Director Pablo Larrain’s Neruda tells the tale of Chilean Communist Pablo Neruda, considered one of the greatest poets of the Spanish language.
While parts of Larrain’s film are fictional, it is firmly based in real historic events.
It revolves around the period when the Communist Party was outlawed in 1948, which Chileans refer to as “La Ley Maldita” (The Damned Law).
At the time Neruda was a senator representing a mining community in northern Chile.
He was hunted by the Chilean government and forced to go into hiding.
The film centres on two protagonists—Neruda (Luis Gnecco) and fictional police inspector Oscar Peluchonneau (Gael Garcia Bernal).

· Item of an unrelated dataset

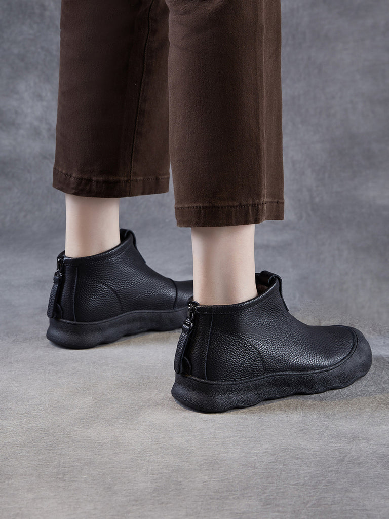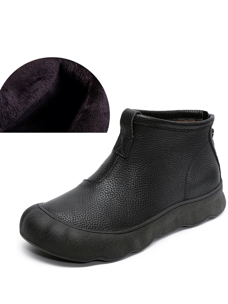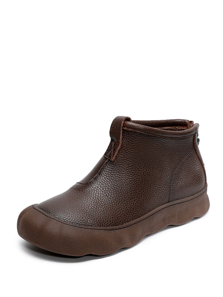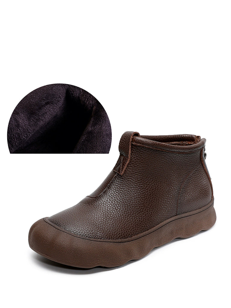Botas femininas vintage de inverno em couro legítimo até o tornozelo
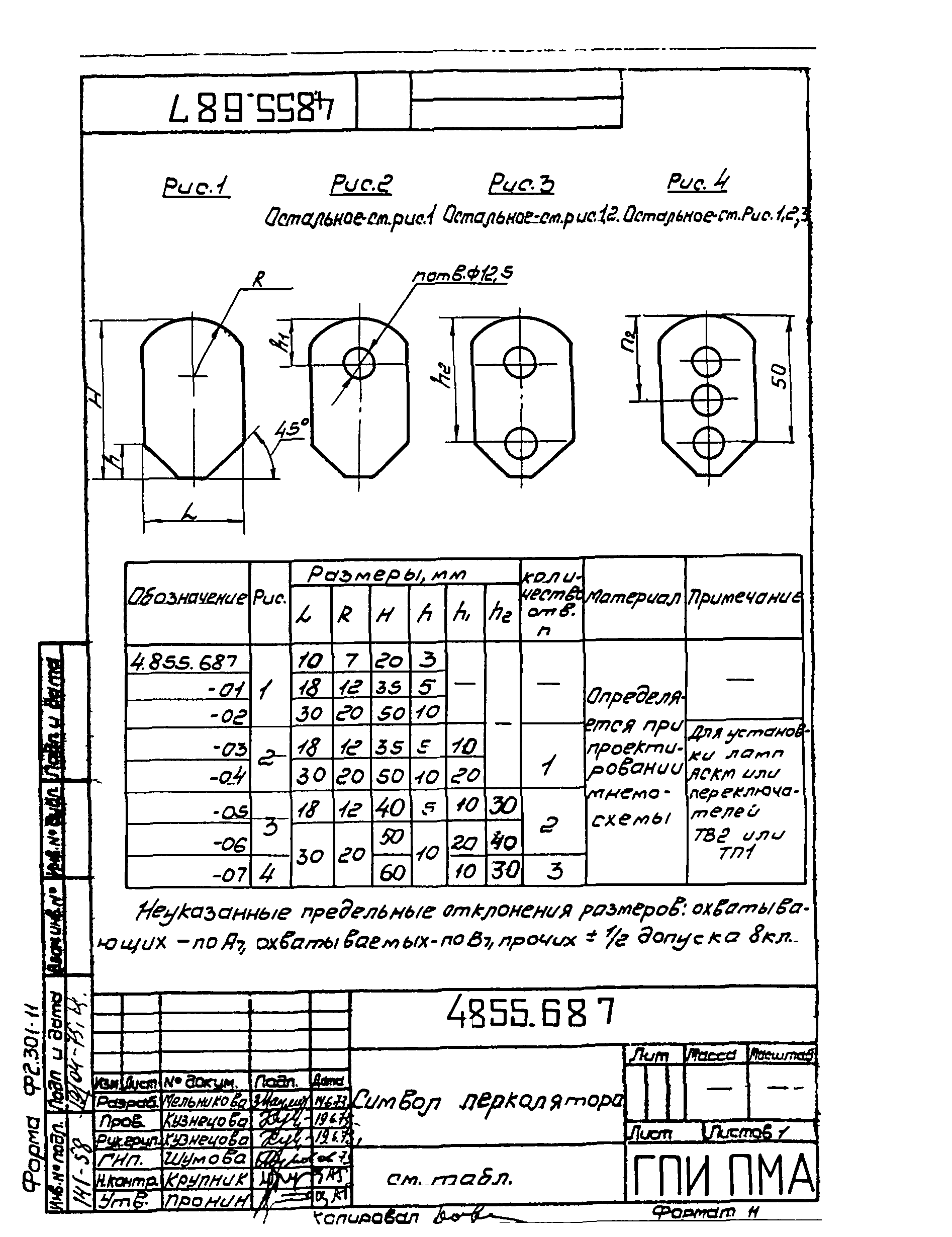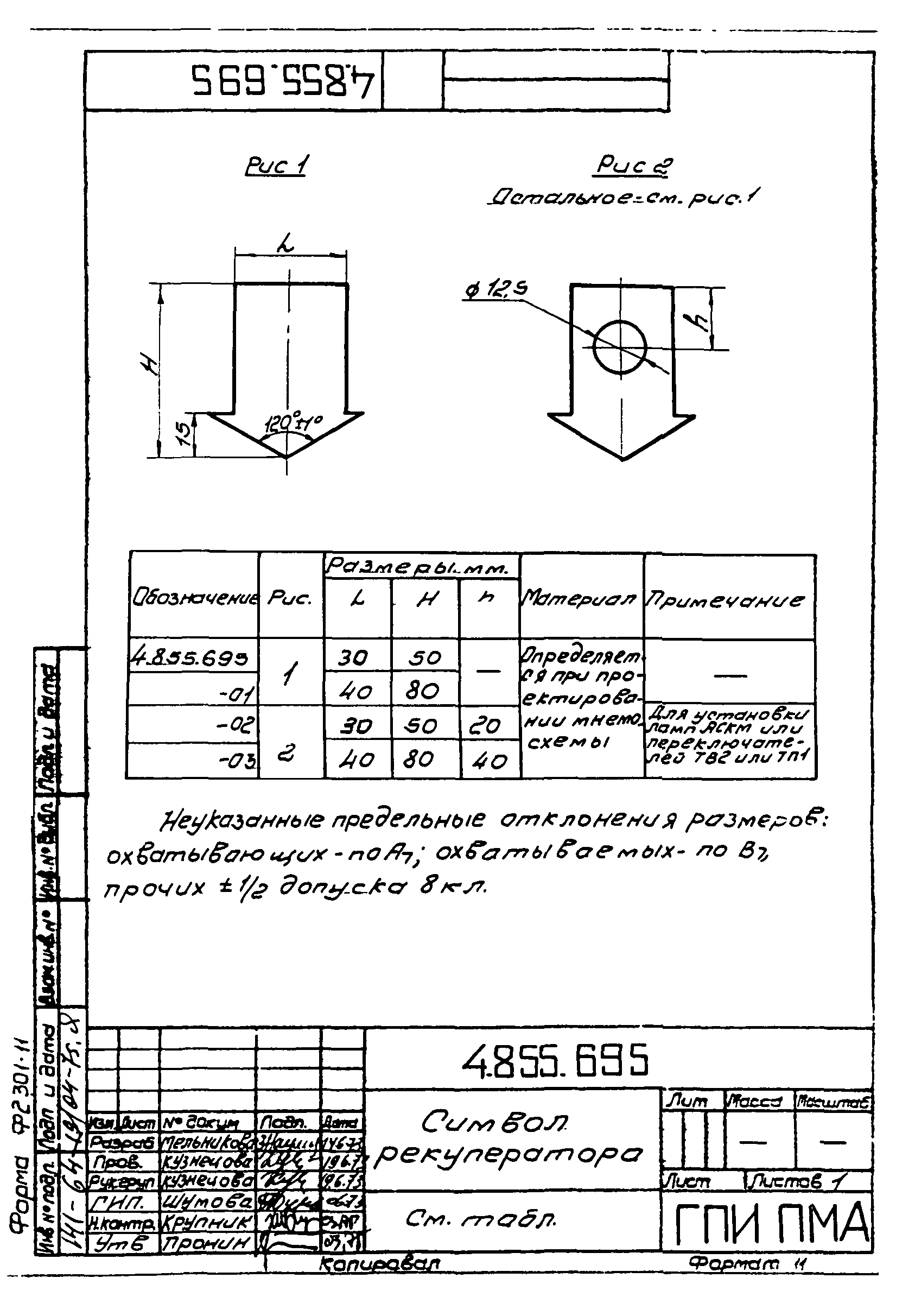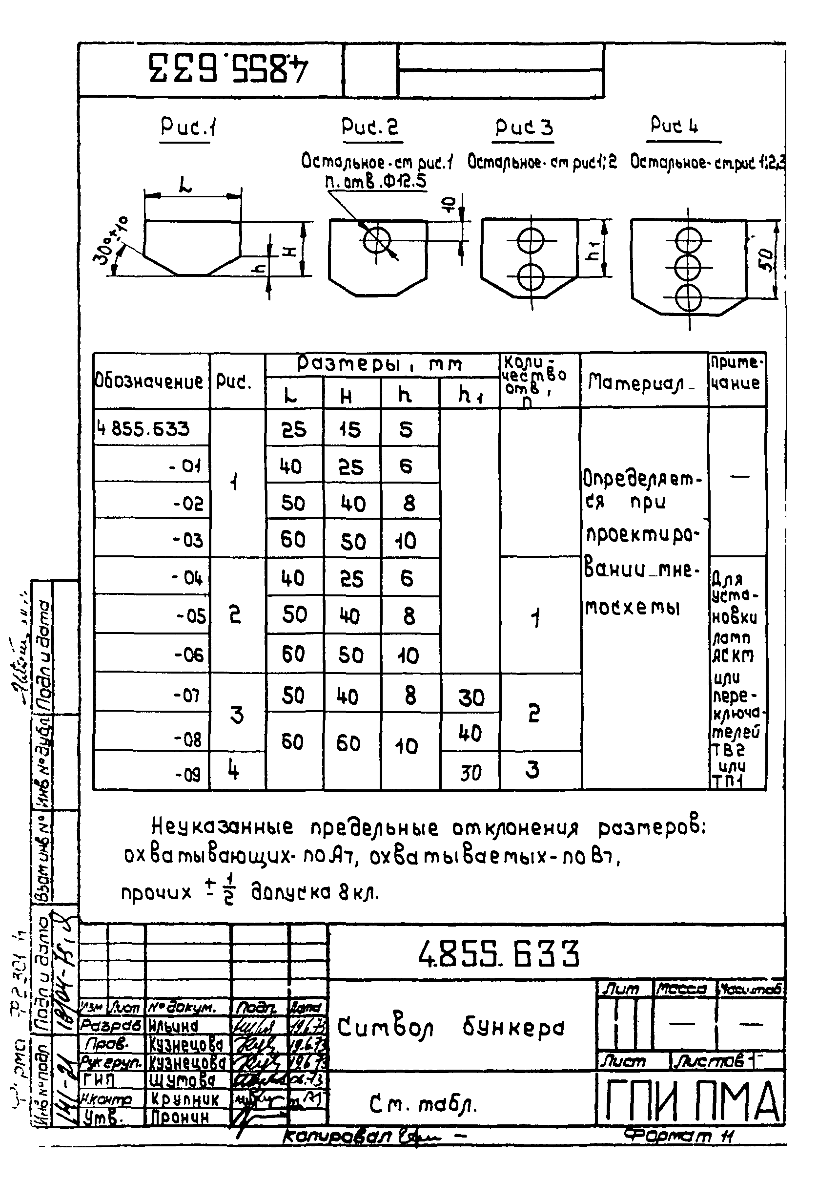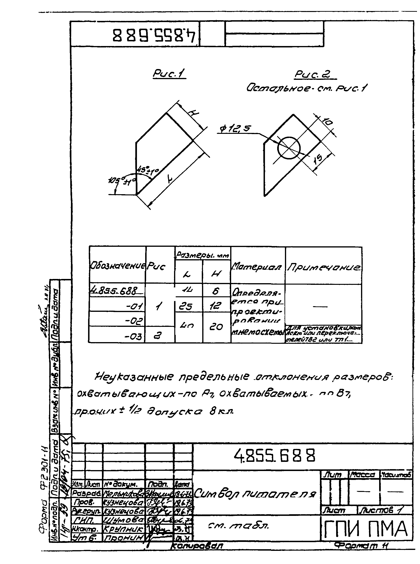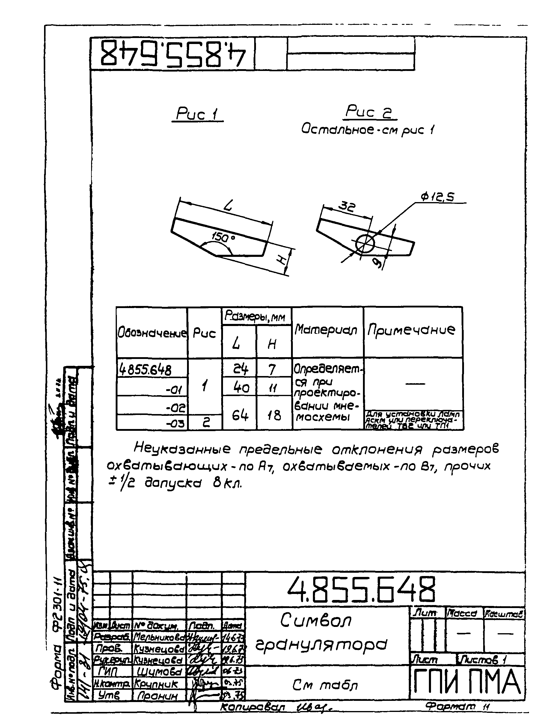 Символы элементов мнемосхем щитов и пультов управления. Рабочая документация| Статус: | действует | | Название рус.: | Символы элементов мнемосхем щитов и пультов управления. Рабочая документация | | Дата добавления в базу: | 01.09.2013 | | Дата актуализации: | 01.01.2021 | | Оглавление: | 4.855.600 Символ вентиля углового 4.855.601 Символ вентиля, прямого клапана, задвижки 4.855.602 Символ вентиля трехходового, клапана 4.855.605 Символ замера температуры 4.855.606 Символ замера уровня 4.855.607 Символ затвора поворотного, шибера, заслонки 4.855.610 Символ отбора давления 4.855.611 Символ отбора пробы 4.855.614 Символ поворота 4.855.615 Символ потока, трубопровода, транспортера, шнека 4.855.618 Символ сужающего устройства 4.855.619 Символ стрелки 4.855.622 Символ подшипника 4.855.625 Символ автоклава 4.855.626 Символ агломерационной машины 4.855.627 Символ аппарата с мешалкой 4.855.630 Символ бака емкости (вертикальной или горизонтальной) резервуара, сборника, отстойника, колонны и др. 4.855.631 Символ бассейна 4.855.632 Символ бункера сдвоенного 4.855.633 Символ бункера 4.855.636 Символ вагоноопрокидователя 4.855.637 Символ вальцового пресса 4.855.638 Символ весоизмерителя, весов 4.855.639 Символ вентилятора, дымососа, воздуходувки 4.855.640 Символ вертикального катализатора, дозатора 4.855.641 Символ воронки, емкости промежуточной 4.855.644 Символ гаража размораживания (элемент 4.855.645 Символ газгольдера мокрого, башни окислительной, эвапоратора 4.855.646 Символ газгольдера, ресивера, баллона, резервуара воздушного 4.855.647 Символ глинорезательной машины 4.855.648 Символ гранулятора 4.855.649 Символ градирни 4.855.650 Символ грохота 4.855.653 Символ деаэратора 4.855.654 Символ дробилки 4.855.657 Символ емкости шаровой 4.855.659 Символ железнодорожного вагона, вагонетки 4.855.661 Символ компрессора 4.855.662 Символ конвейерного сушила 4.855.663 Символ котла утилизатора 4.855.664 Символ котла варочного 4.855.665 Элемент символа колонны, элеватора 4.855.666 Символ контактора 4.855.667 Символ конденсатора холодильника, теплообменника, подогревателя, кипятильника, испарителя 4.855.670 Символ мельницы 4.855.671 Символ мешалки 4.855.672 Символ мерника 4.855.673 Символ моечной машины 4.855.674 Символ монжуса 4.855.677 Символ насоса шестеренчатого 4.855.678 Символ насоса центробежного 4.855.679 Символ насоса поршневого 4.855.680 Символ нефтяного резервуара 4.855.683 Символ обжиговой машины 4.855.684 Символ отсадочной машины 4.855.685 Символ печи обжига в кипящем слое 4.855.686 Символ печи 4.855.687 Символ перколятора 4.855.688 Символ питателя 4.855.689 Символ плавильника 4.855.690 Символ пресса 4.855.693 Символ реактора 4.855.694 Символ регенератора катализатора 4.855.695 Символ рекуператора 4.855.696 Символ ротаметра 4.855.699 Символ сгустителя, вакуумфильтр 4.855.700 Символ сепаратора 4.855.701 Символ скребкового кристаллизатора 4.855.702 Символ скруббера 4.855.703 Символ склада 4.855.704 Символ смесителя, скомкователя, сортировки 4.855.705 Символ сушила барабанного 4.855.706 Символ топки под давлением 4.855.707 Символ турбины 4.855.709 Символ фильтра 4.855.711 Символ флотационной машины 4.855.713 Символ холодильника кокса 4.855.715 Символ центрифуги 4.855.716 Символ цистерны 4.855.717 Символ циклона, водоотделителя, воздухоподогревателя 4.855.719 Символ шибера перекидного 4.855.721 Символ эжектора 4.855.722 Символ электродвигателя, генератора 4.855.723 Символ элеватора | | Разработан: | ГПКИ Проектмонтажавтоматика

In his rather foggy existence, the cop devotes his body and soul to hunt down Neruda.
Bernal manages to bring out the complex feelings of a lonely and repressed individual.
In a funny way, you actually feel sorry for Peluchonneau.
Gnecco also gives a convincing performance, even imitating the poet’s distinctive voice.
This chase between a hunter and a prey takes place across the spectacular forests and mountains of Chile and ends at South America’s most southwesterly point.
Larrain skillfully captures this wild immensity.
But it is disappointing that Larrain doesn’t tap into the diverse richness of Neruda’s experience of living and dreaming among the people who helped him during this period.
Before managing to escape to Paris, Neruda was hidden by workers in shanty towns and with the indigenous Mapuche for a year and a half.
He was linked with the struggles of Chile’s working class and oppressed, and it is disappointing that this intent wasn’t brought out more in the film.
Partly because of this, the film is only a partial portrayal of a figure who dreamt and fought for a new beginning.
Neruda was an important literary figure, who created many enchanting romantic poems.
But he also wrote political works including one of the powerful poems against the fascists in Spain, “Espana en el corazon” (Spain in Our Hearts).
Larrain’s picture is entertaining as a story of the hunt for Neruda and is worth seeing.
But perhaps another Chilean will take up the difficult task of bringing the full richness of his character to the big screen.